WHAT YOU SHOULD DO
Beginning with the line that holds "BIO膠原燕窩肌能水添加珍貴" and ending with the last line below, please copy every line exactly, add nothing, and leave out the pictures.

[Excerpts from a dataset]
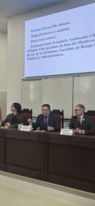 Astăzi, 26 februarie 2025, în contextul ”Zilelor Studentului FRIȘPA” studenții și cadrele didactice ale facultății au participat la o conferință excepțională ținută de Excelența Sa YAN Wenbin, Ambasadorul Republicii Populare Chineze în Republica Moldova. Tema discuției a vizat RELAȚIILE DINTRE REPUBLICA POPULARĂ CHINEZA ȘI REPUBLICA MOLDOVA LA ETAPA ACTUALĂ.
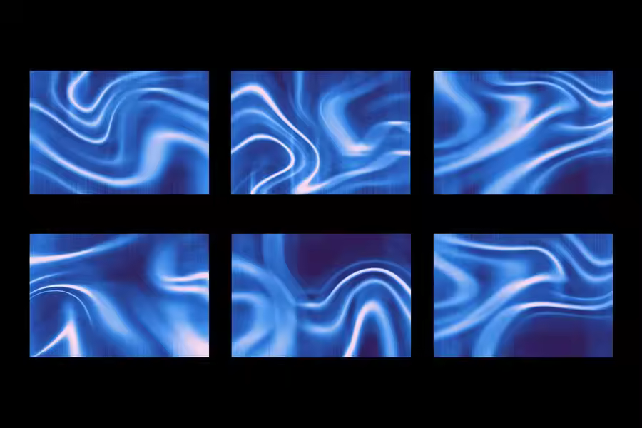 蓝色流动是一组流畅抽象的蓝色纹理,带有动态的光条纹和流畅的流动感。鲜艳的蓝色与微妙的高光相结合,营造出充满活力却又令人平静的效果。这些流动的纹理非常适合数字设计、海报、品牌、包装和创意艺术品,能为任何项目增添未来感和艺术感。
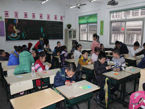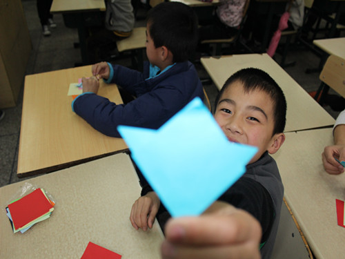 在歌舞班里,志愿者一边在电脑投影上放出事先准备好的舞蹈视频,一边在前面领舞。在有律动感的节奏的配合下,小朋友们认真的学习着志愿者们的"一抬手""一投足"。一开始,大家还只是笨拙的学着动作,可在志愿者们的帮助下,不一会儿小朋友们便都跳得有板有眼了。另一个兴趣班,折纸班的主题是手工花,由一个志愿者分别带领几个小朋友为一组进行教课。一张张五彩的小纸片在志愿者和小朋友们的手中翻飞,一朵朵"五瓣花""六瓣花"宛然而生。小朋友们富有个人创意地对花瓣颜色进行搭配,有五彩的,间隔色的等等不同组合。最后,有一个小男孩做的纯黑色花朵,得到了很多人的好评,被评选为"花之精灵"。
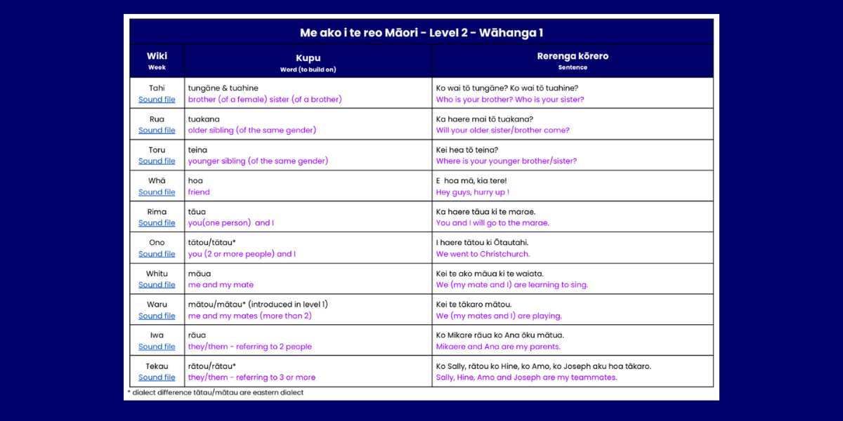 Wall displays, Sound bytes, Word, Sentence and Phrase support aligned with Te Aho Arataki Marau mō te Ako i Te Reo Māori
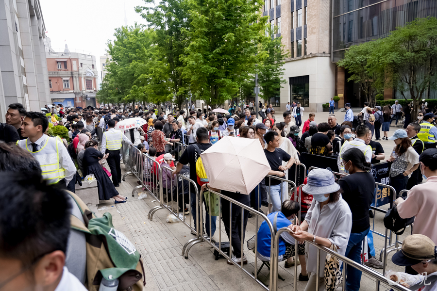 今天的南京路商圈也很热闹。这个周末(5月17-18日),新世界大丸百货启动十周年店庆,推出全年最大力度赠券活动。今天凌晨1时,新世界大丸百货门口已经有几十人在排队,早上7时30分,长队蜿蜒了大丸百货一圈。
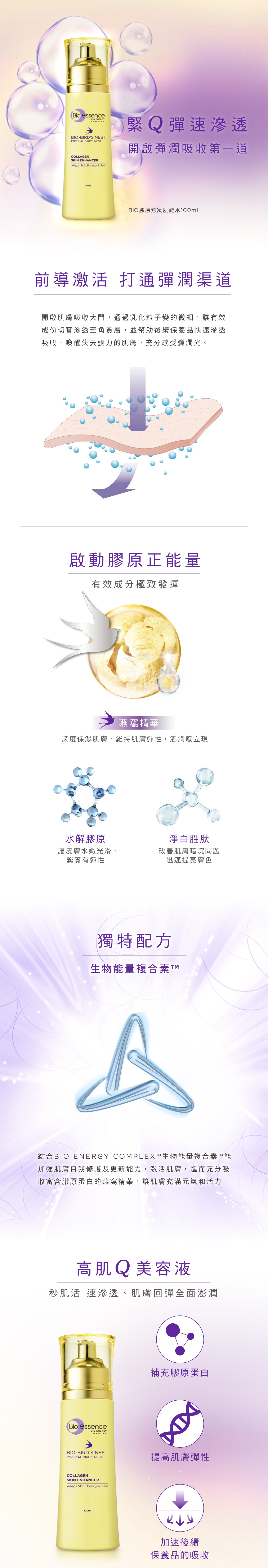 BIO膠原燕窩肌能水添加珍貴燕窩精華、能量煥白胜肽與水解膠原,超越一般化妝水功效,提高肌底對保養品的吸收力,極致保濕,從肌底開始調理,有效提升肌膚防禦力,同時均勻膚色,更促進肌膚吸收後續保養品,重現澎潤年輕白滑肌。
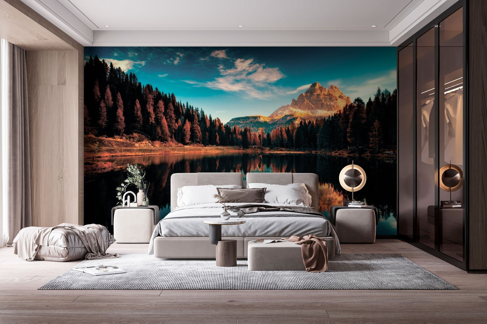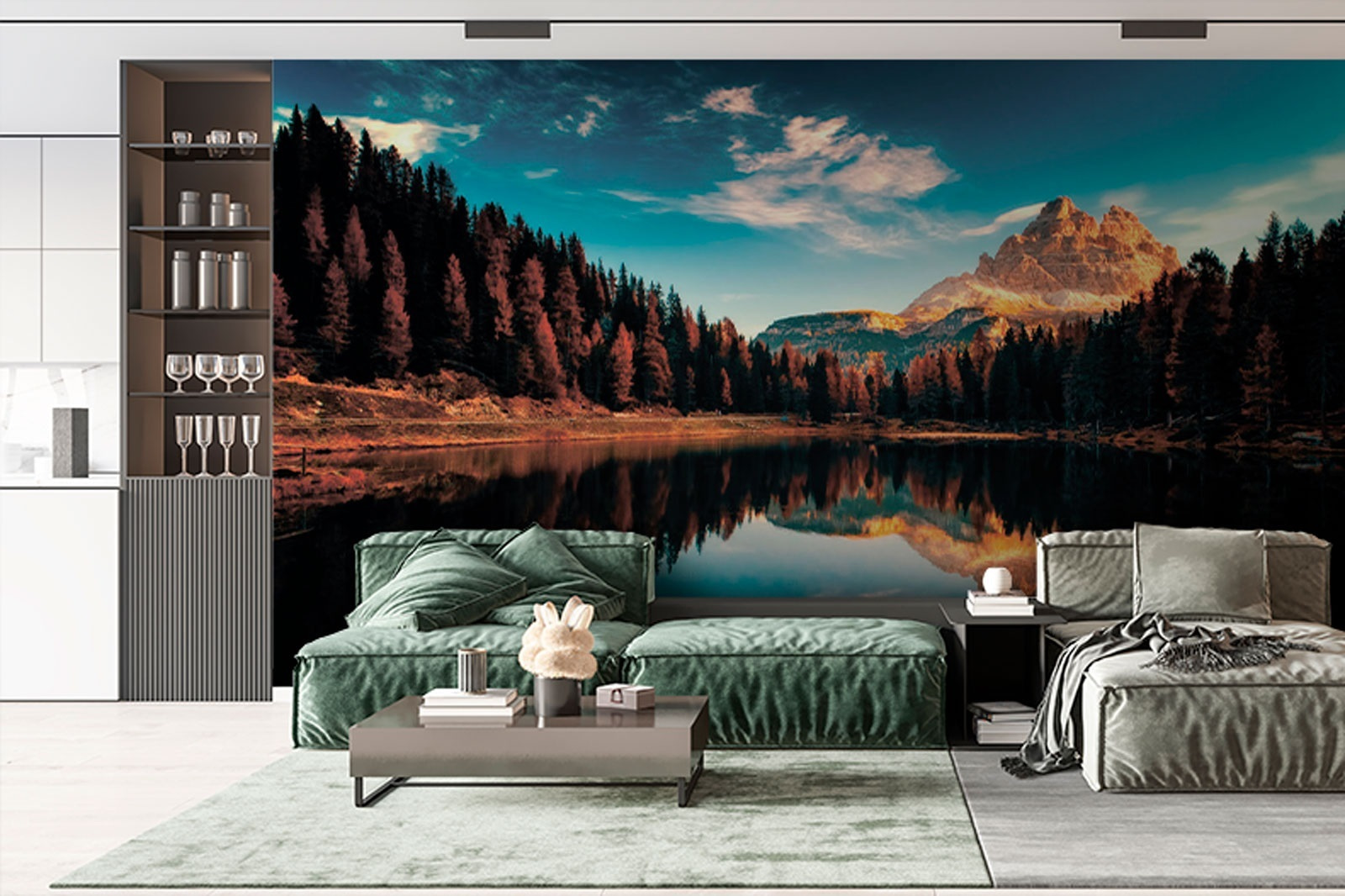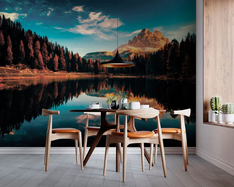 Stel je voor dat je een gezellige ruimte binnenstapt en boem – deze prachtige muurschildering van een rustig meer omringd door majestueuze bomen en bergen springt meteen in het oog. Het is net een minivakantie aan je muur! De kleuren zijn zo rijk dat ze je bijna uitnodigen om je tenen in het water te dompelen. Stel je voor dat je vrienden ontvangt en iedereen een gevoel van rust over zich heen voelt komen terwijl ze kletsen en van hun drankjes nippen, terwijl ze naar dit meesterwerk staren. Het is niet alleen wanddecoratie; het is een sfeermaker, een opvallend stuk dat elke kamer verandert in een toevluchtsoord in de natuur. Hoor je niet het zachte geklots van het water en het ruisen van de bomen? Deze muurschildering brengt een stukje buiten naar binnen – perfect om te dagdromen of je volgende avontuur te plannen. Wie zou dat niet willen?

WRITTEN RESPONSE
 BIO膠原燕窩肌能水添加珍貴燕窩精華、能量煥白胜肽與水解膠原,超越一般化妝水功效,提高肌底對保養品的吸收力,極致保濕,從肌底開始調理,有效提升肌膚防禦力,同時均勻膚色,更促進肌膚吸收後續保養品,重現澎潤年輕白滑肌。
 Stel je voor dat je een gezellige ruimte binnenstapt en boem – deze prachtige muurschildering van een rustig meer omringd door majestueuze bomen en bergen springt meteen in het oog. Het is net een minivakantie aan je muur! De kleuren zijn zo rijk dat ze je bijna uitnodigen om je tenen in het water te dompelen. Stel je voor dat je vrienden ontvangt en iedereen een gevoel van rust over zich heen voelt komen terwijl ze kletsen en van hun drankjes nippen, terwijl ze naar dit meesterwerk staren. Het is niet alleen wanddecoratie; het is een sfeermaker, een opvallend stuk dat elke kamer verandert in een toevluchtsoord in de natuur. Hoor je niet het zachte geklots van het water en het ruisen van de bomen? Deze muurschildering brengt een stukje buiten naar binnen – perfect om te dagdromen of je volgende avontuur te plannen. Wie zou dat niet willen?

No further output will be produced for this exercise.